What really triggered the activity collapse
While the transaction counter was going crazy, the $SHIB token itself behaved remarkably calmly. Its price did not even flinch, remaining in its usual narrow range near $0.0000042.
If ordinary traders had made those 78,000 transfers, the market would have immediately been shaken by volatility. The fact that the price completely ignored the burst of activity proves one thing — the large amounts of $SHIB being moved were fully isolated from exchange order books and had no impact on trading.
Ordinary users cannot coordinate and stop transferring cryptocurrency in one second.
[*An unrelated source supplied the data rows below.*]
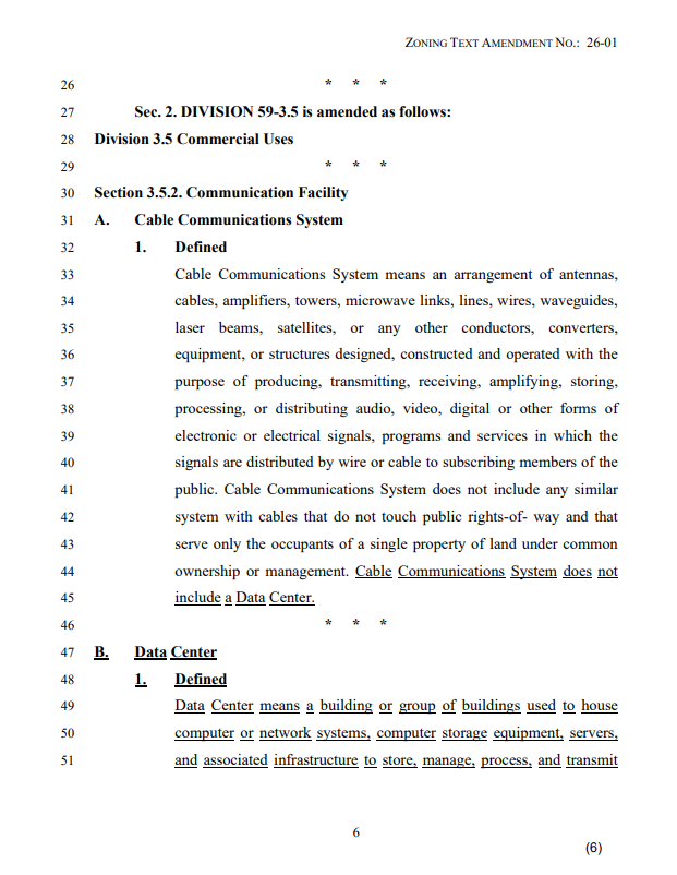The county's planning commission has proposed code amendments that would classify data centers as level-three industrial uses, require special use approval, mandate closed-loop cooling with no evaporative systems, and restrict them to industrial or institutional zones. A moratorium passed in December is set to expire March 6, but commissioners indicated they're likely to extend it.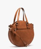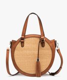 Sac à main rond bimatière avec face tissée beige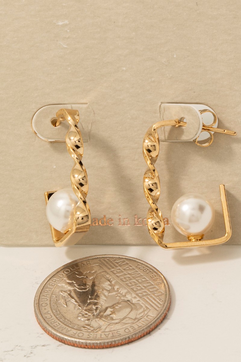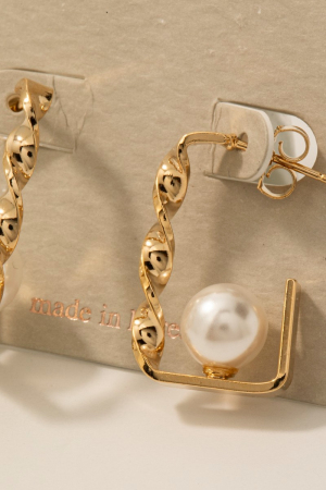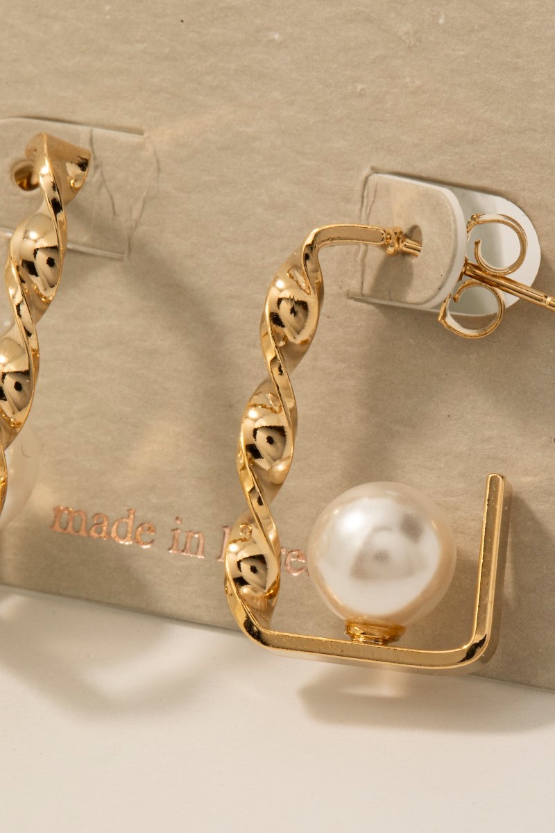 • This pair of hoop earrings showcases a timeless pearl bead rectangle style. Redefine your look effortlessly with this standout, on-trend piece.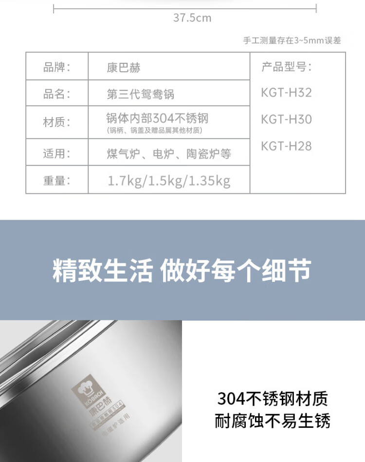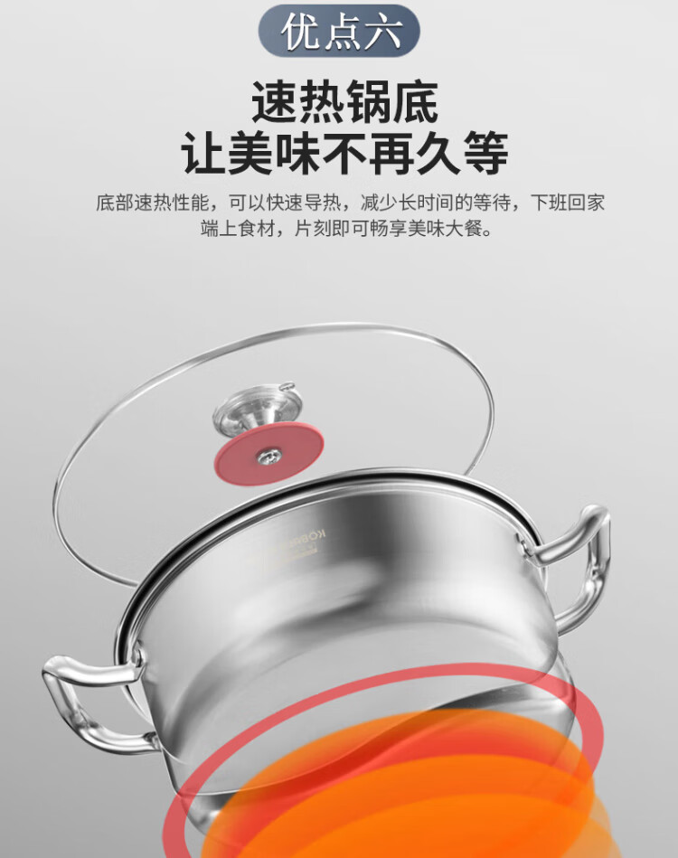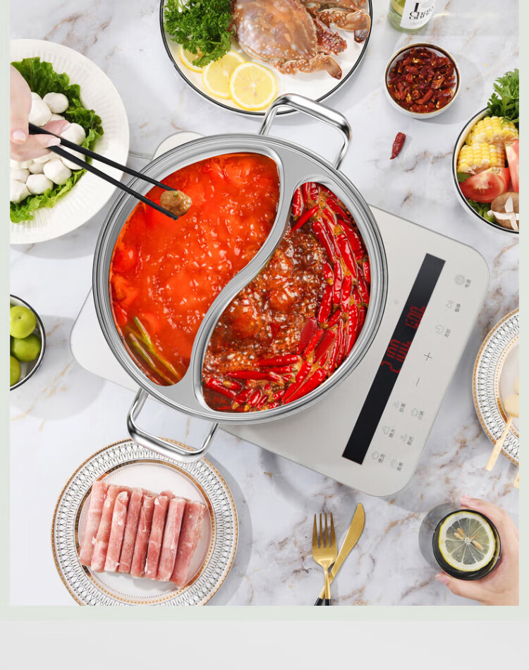 Kangbach (KBH) Olla caliente de acero inoxidable 304, olla de pato mandarín, olla de doble propósito, olla caliente de fondo compuesto espesado, olla de sopa multifuncional, olla shabu-shabu

An instant 95% collapse in activity means only one thing: someone launched an automated script that ran thousands of transactions and switched it off immediately after completing its task.
Since exchanges are officially ruled out, only two options remain:
- A large whale's maneuver: Some fund or early investor was redistributing holdings strictly between personal private wallets, deliberately bypassing exchanges for secrecy.
- Technical tests: Developers of some crypto project or bridge were stress-testing their smart contracts directly on the live Ethereum network.
In the end, there is no conspiracy or market panic behind this sudden collapse in metrics. The entire "anomaly" is merely the digital trace of one isolated automated script, after which the network simply "exhaled" and instantly returned to its usual organic routine.